Whitework rose embroidered cushion: top right

I should probably tell you not to read the article I’ve linked to, or to others written about mother and daughter by Judith Thurman as the opening of a window on the real life behind the books is one of mixed fortunes, with rather more on the negative side. However, Laura’s daughter, Rose Lane Wilder, does come across as an early feminist who, left alone after divorce and the death of her infant son, took her own situation in hand and set about putting her talents and enthusiasm to work to make a living for herself. She got into journalism and wrote pot boiler biographies of prominent figures – although she was no slave to accuracy and was sued by  Charlie Chaplin. Her novels were successful in that they brought her an income but they never received the praise from the literary set which she so desired.

Whitework rose embroidered cushion: lower half

 Politics became her next passion and this is where she begins to get interesting to us. In today’s politics libertarianism has had a revival as current political debate focuses on the extent to which the state should dictate how we live our lives and spend our money. Rose may have been the first person to use the term ‘libertarian’ to describe “nascent revolt against state authority” (and I’m quoting Thurman, not Rose here) which was a philosophy of individualism and self help; in practice this meant minimal social security measures and virtually no form of taxation. She was a friend of Ayn Rand who, for a few months last year was fashionable  when cited as inspirational by Paul Ryan, Republican presidential running mate to  Mitt Romney in the 2012 American Presidential Election. Interestingly, Rose fell out with Rand over the latter’s lack of religious belief for Rose could never quite eradicate  the Biblical message to love thy neighbour as thyself.  Her own history informed her belief for she thought the pioneers would have died in even greater numbers if they had resisted the urge to help each other and had lived out the philosophy of every man for himself. Whatever her broad political aims were, her personal ambition was to bring her income to the point at which she would no longer be liable for federal taxes. She succeeded in this by cutting down on her lucrative fiction writing and reducing her outgoings, growing her own food and making use of what she already had – in all returning to a pioneer life style (presumably without the fear of the original frontier existence).

Maternal passion led her into a series of complex relationships with those she regarded as protégés.

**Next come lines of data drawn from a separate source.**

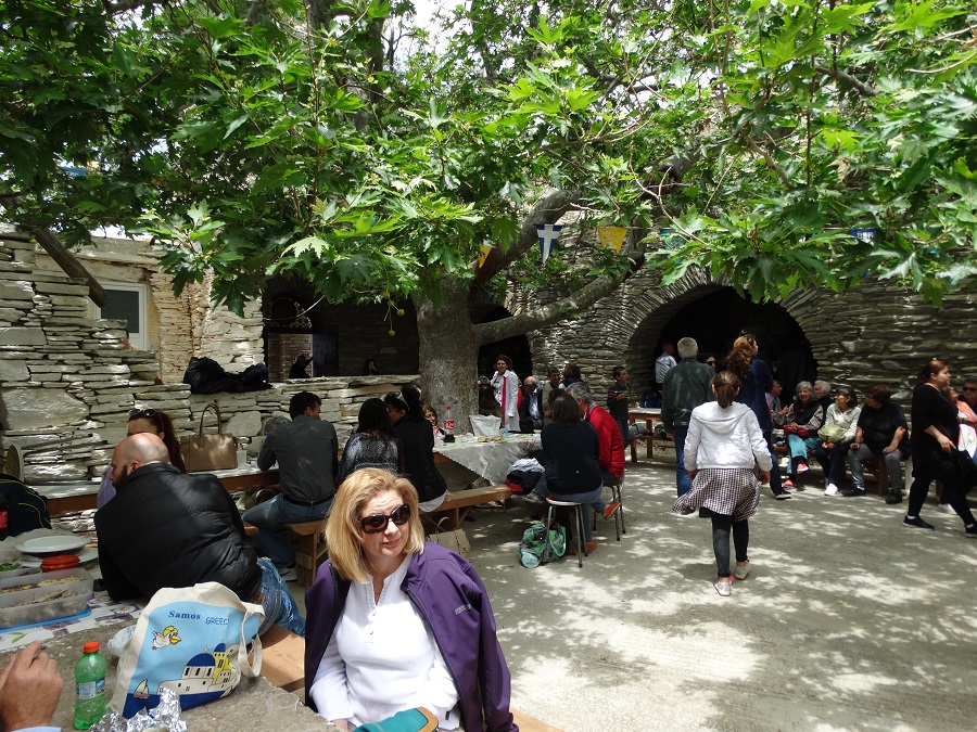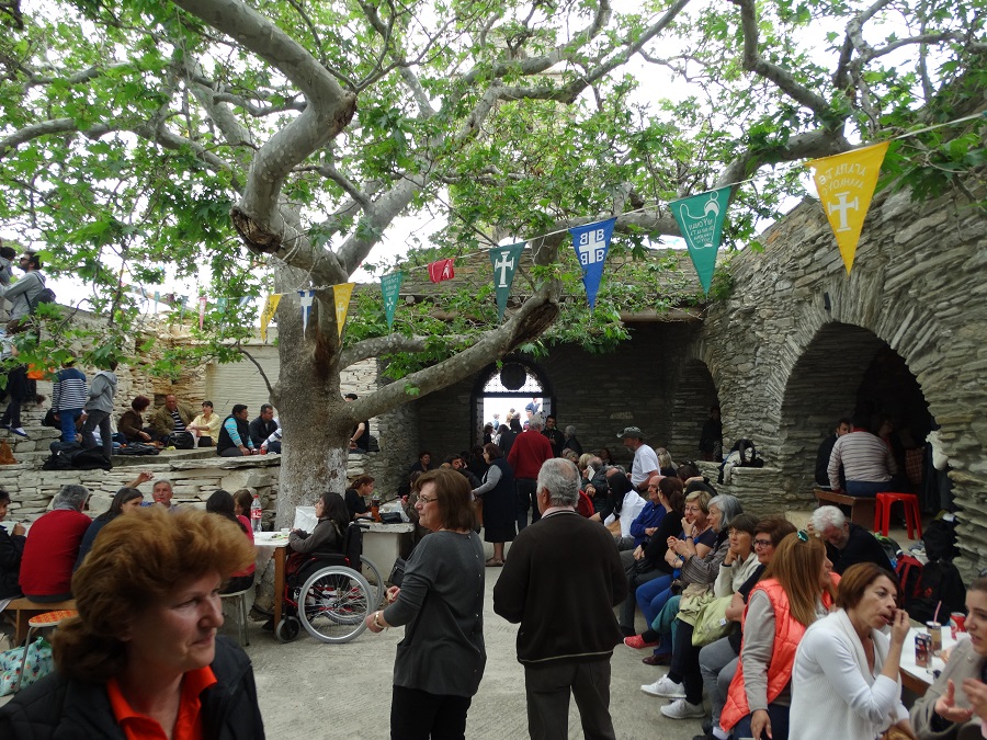 Οι άλλες κάθονται εξώ και απλώνουν κι αυτές τα φαγητά που έφεραν αό το σπίτι. Μαζί με τους φιλοξενούμενους και τους φίλους τους...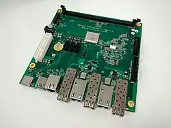 AppliedMicro offers the XC-1 Server Development Platform motherboard, which uses the X-Gene ARMv8 system on a chip with 8 2.4 GHz CPU cores, supports 128 GB DDR3 DRAM using 16 GB DIMMs, and has a baseboard management controller.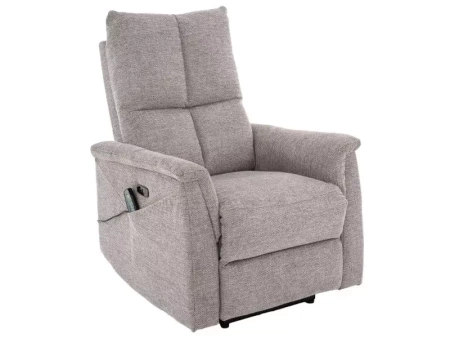 Fotel rozkładany elektrycznie z funkcją masażu i podgrzewania, tkanina Brego 07, stelaż: metal, kolor: szary / czarny. Rozkładanie sterowane przyciskami na prawym boku, port USB. Funkcje masażu i podrzewania aktywowane przewodowym pilotem.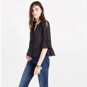 MADEWELL Pompom-trimmed Swiss-dot Cotton Blouse Size XXS.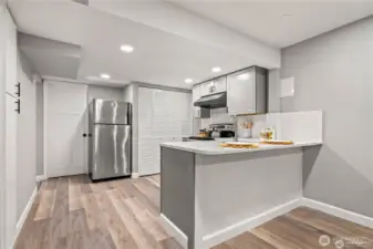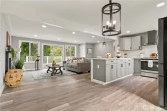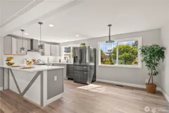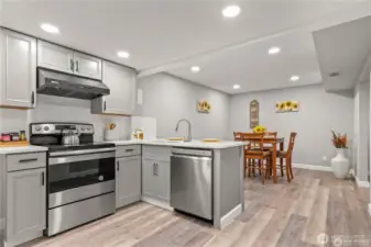 Stunning fully remodeled home featuring 5 bedrooms and 2 bathrooms in a spacious rambler with a finished basement. A wall has been installed downstairs for added privacy, creating a versatile layout with 3 bedrooms and 1 bathroom on the main level, and a 2-bedroom, 1-bath ADU on the lower level. This home offers ample space to accommodate all your needs, including an enormous 770 sq ft garage, two kitchens, and an additional family room downstairs, both with Fireplaces- perfect for entertaining. Both kitchens are equipped with stainless steel appliances, quartz countertops, and abundant cabinetry. Ideal for owner-occupants or investors—live upstairs and rent the lower level, or simply enjoy the generous living space. Step outside to a tremendous deck with partial views and a fully fenced, oversized backyard with green belt on the back for privacy. Conveniently located just 9 minutes from White Center and minutes from downtown Seattle, with easy access to downtown Burien, offering restaurants, shops, breweries, farmers markets, and public transit.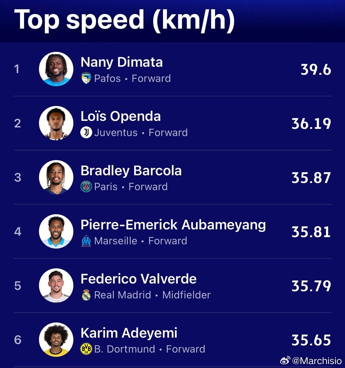 欧冠极限速度榜,奥蓬达排名第二,排名第一的是帕福斯前锋迪马塔,前西甲西班牙人名宿。可惜你妇现在少了那种可以传大长传的球员,不然奥蓬达感觉可以试试狗叼飞盘战术。尤文图斯欧冠联赛意甲联赛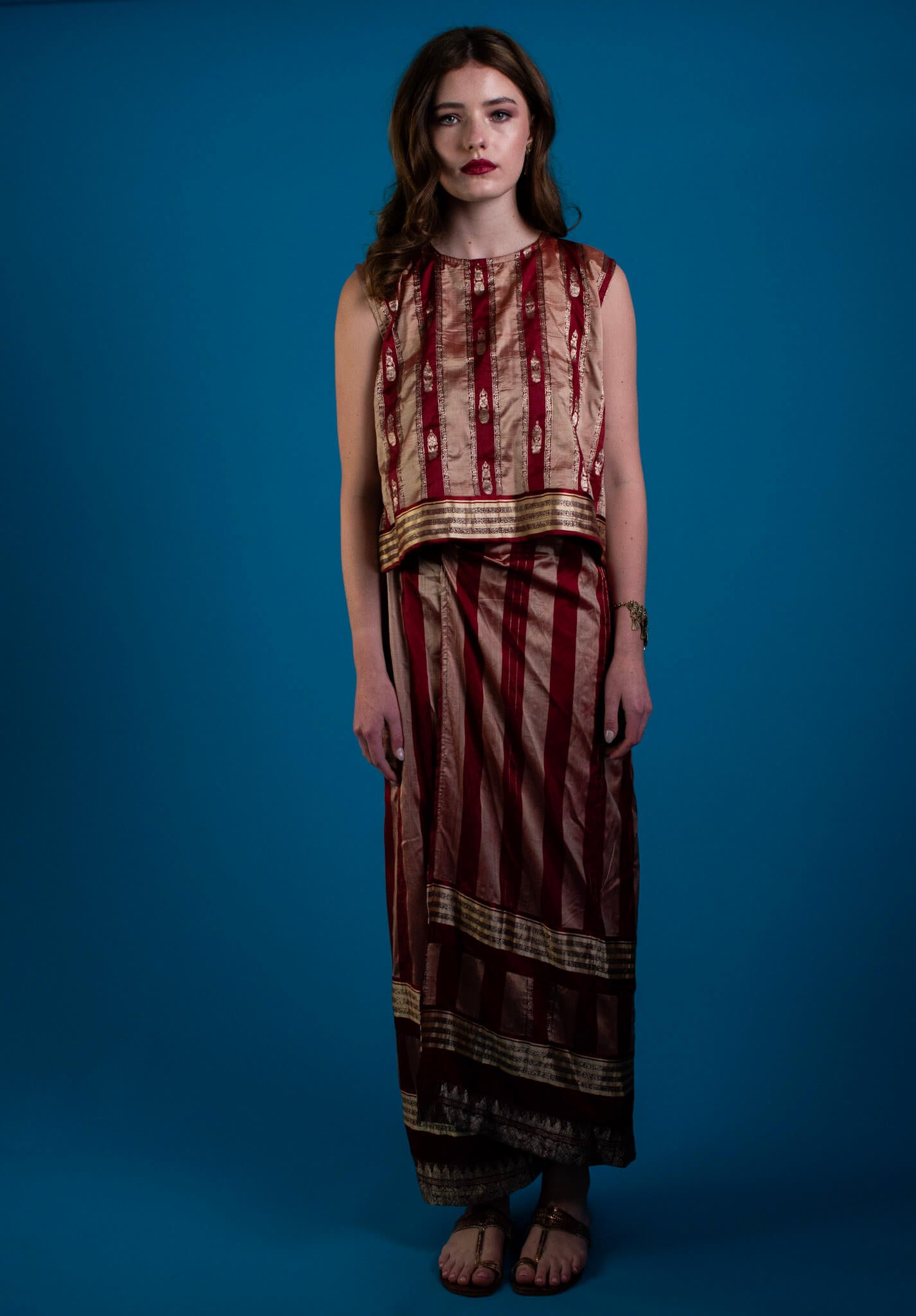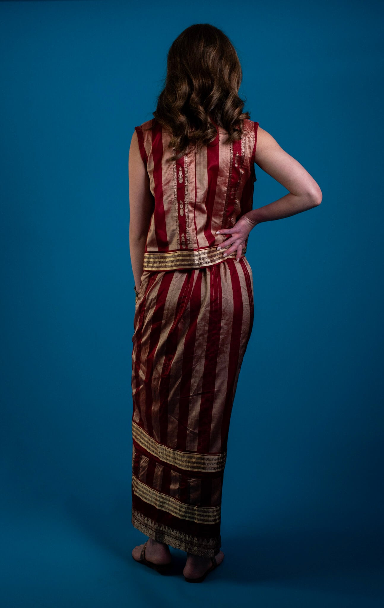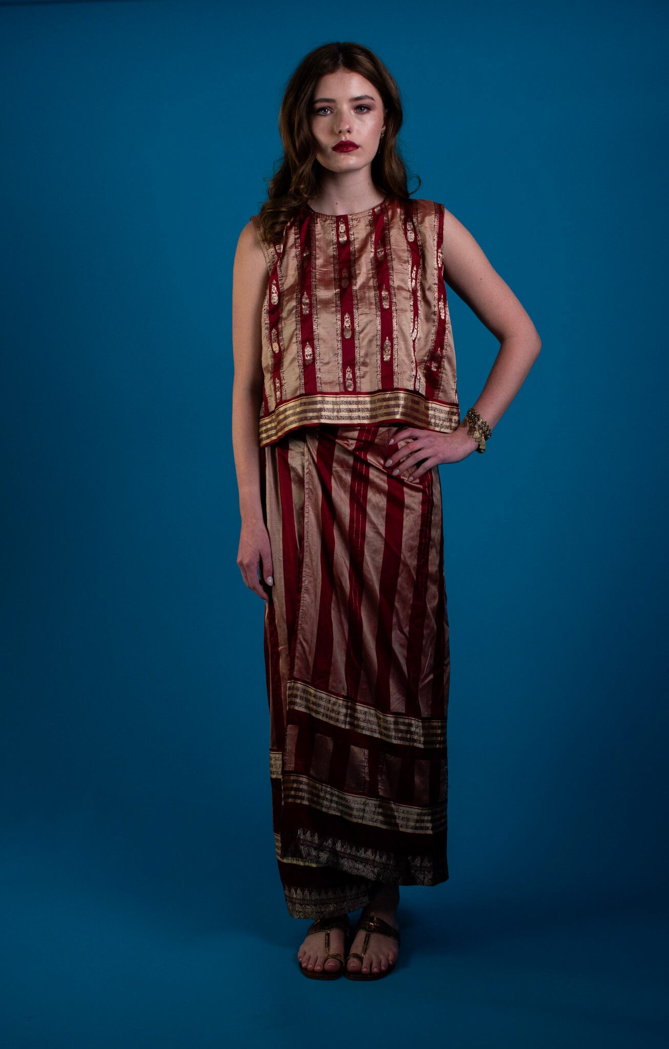 Inspired by Iman Ganijee’s grandfather and the East African khanga, this piece honours the art of wrapping - a gesture of belonging that connects cultures across oceans. Handwoven Madras silk, striped with fine gold detailing, carries a legacy of trade and transformation.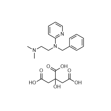 Tripelennamine citrate, an ethylenediamine derivative, is a potent histamine H1-receptor antagonist. Tripelennamine citrate lessens the allergic response of the organism caused by histamine. Tripelennamine citrate can be used for the research of rhinitis, conjunctivitis, and allergic and anaphylactic reactions[1][2][3].

She was subject to difficult episodes of depression and furious activity and would probably be diagnosed with bipolar disorder today.

After WWI, she was a correspondent for the American Red Cross, still reporting from Vietnam in 1965 when she was 78. She died in 1968. Her heir and adopted son, Roger MacBride, was the Libertarian Party’s candidate for President in 1976.

I have only touched on a little corner of this remarkable woman’s many achievements and I may have left the impression she was something of an intimidating virago. This would be grossly unfair as she was regarded by friends as a warm and witty companion both in conversation and in letters.

Life was not all politics and I was delighted to find that she found time to write a popular and commercially successful book on the history of needlework.